The absolute fear that here in the UK we will not get access to new precision medications such as Symdeko and the Triple Combo. This terrifies me, as really it is our only hope at seeing a significant change in this disease and possibly a close to normal life for younger patients that get to start it early before they have any significant lung damage.
There’s also the unpredictability – the fact that you can be fine one day and then get very sick, very fast the next. The flip side to this is that it encourages you to make the most out of the times that you are well, to live in the moment more.
Has the condition impacted your lifestyle?
I have been lucky in that it did not affect me at school or university, though looking back I wish I had been more aware and taken better care of myself, I had just enough lung function to scrape by thinking I was fine because it was not low enough to stop me doing anything. In reality, though I certainly lost a significant amount of lung function over that time without realising. Things changed when I started working full-time. Keeping up with treatments, socialising and commuting took their toll and so I decided to go freelance and eventually five years ago I gave up work completely. That was undoubtedly the best thing I ever did for my health. I now have the time to do all my treatments, get the extra sleep and exercise I need and to recover if I do get sick. My lung function has remained stable since I stopped working.
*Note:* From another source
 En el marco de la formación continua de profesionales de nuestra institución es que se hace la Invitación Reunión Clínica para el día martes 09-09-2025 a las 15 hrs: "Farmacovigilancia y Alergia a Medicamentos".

Do you think the depth and quality of information offered to CF patients in the UK is adequate?
I think there is plenty of good information out there for CF patients on the relevant websites such as the CF Trust and the CFF in America, although times are changing and I feel many patients now get most of their information via social media – this can lead to a lot of misinformation and also unrealistic ideals.
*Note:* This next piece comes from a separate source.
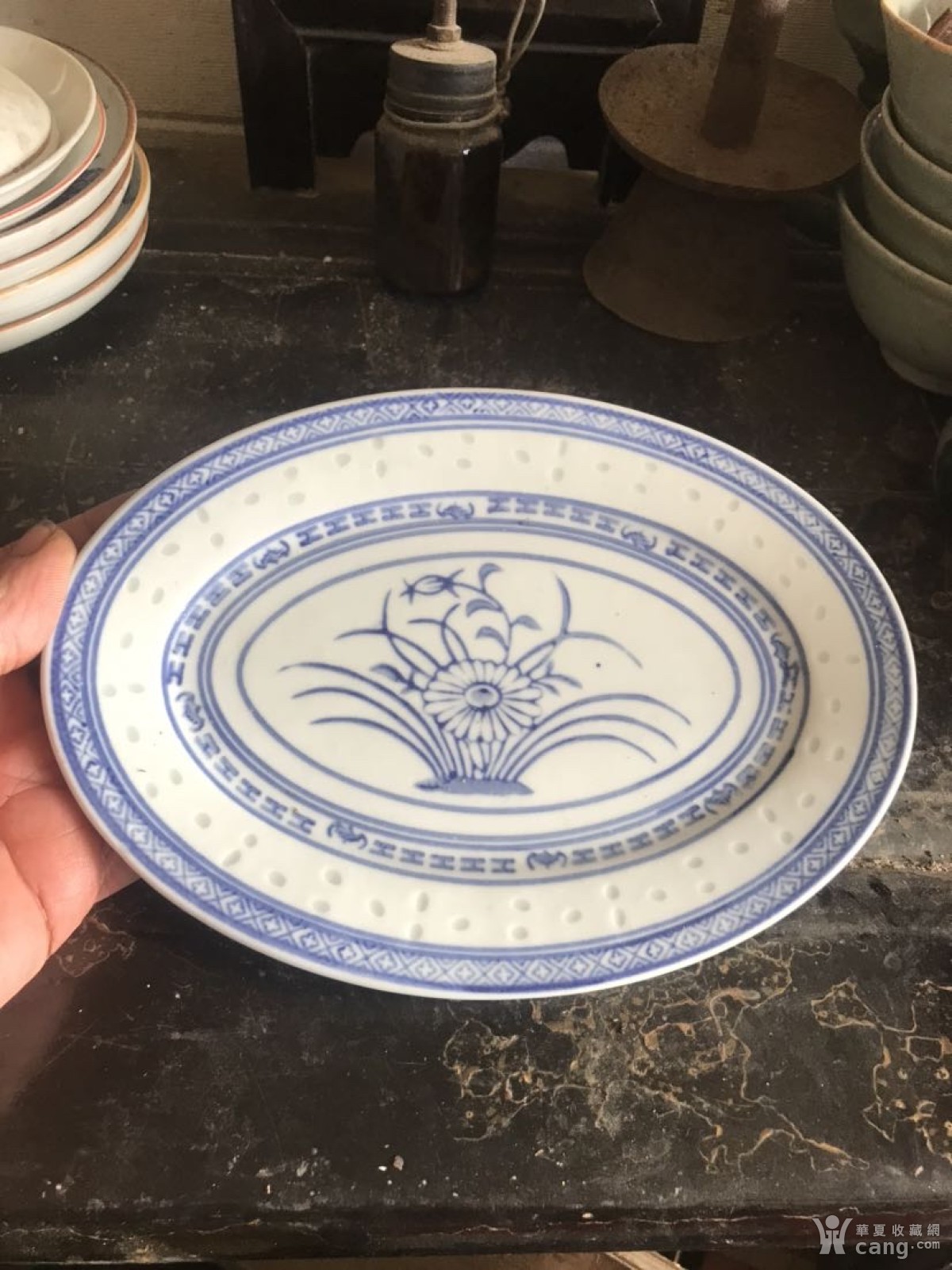 景德镇瓷青花玲珑瓷盘子一只

What do you think are the key challenges facing patients with CF in the UK?
Without a doubt, this is access to new personalised medicine such as Orkambi, Symdeko and others that are in trials. Finally, drugs that treat the cause, not firefight the relentless symptoms. There is great fear, disappointment and anger amongst CF patients that we will never receive these life-changing medications. We follow other patients on social media around the world and see their lives change before our eyes, yet feel we are desperately treading water with that life raft always just out of reach. With a lung function that hovers around 40%, I fear how much longer I can keep that stability, to keep treading water. I’m scared these drugs will come too late.
What is your greatest hope/fear for the future?
CF has taught me never to think too far ahead because it is just too unpredictable. My goals for the next six months are to keep well enough to enjoy travelling the world with my husband for three months from January, to keep stable for when I hope these new drugs finally become available in our country and to enjoy being an aunt to my two gorgeous nephews.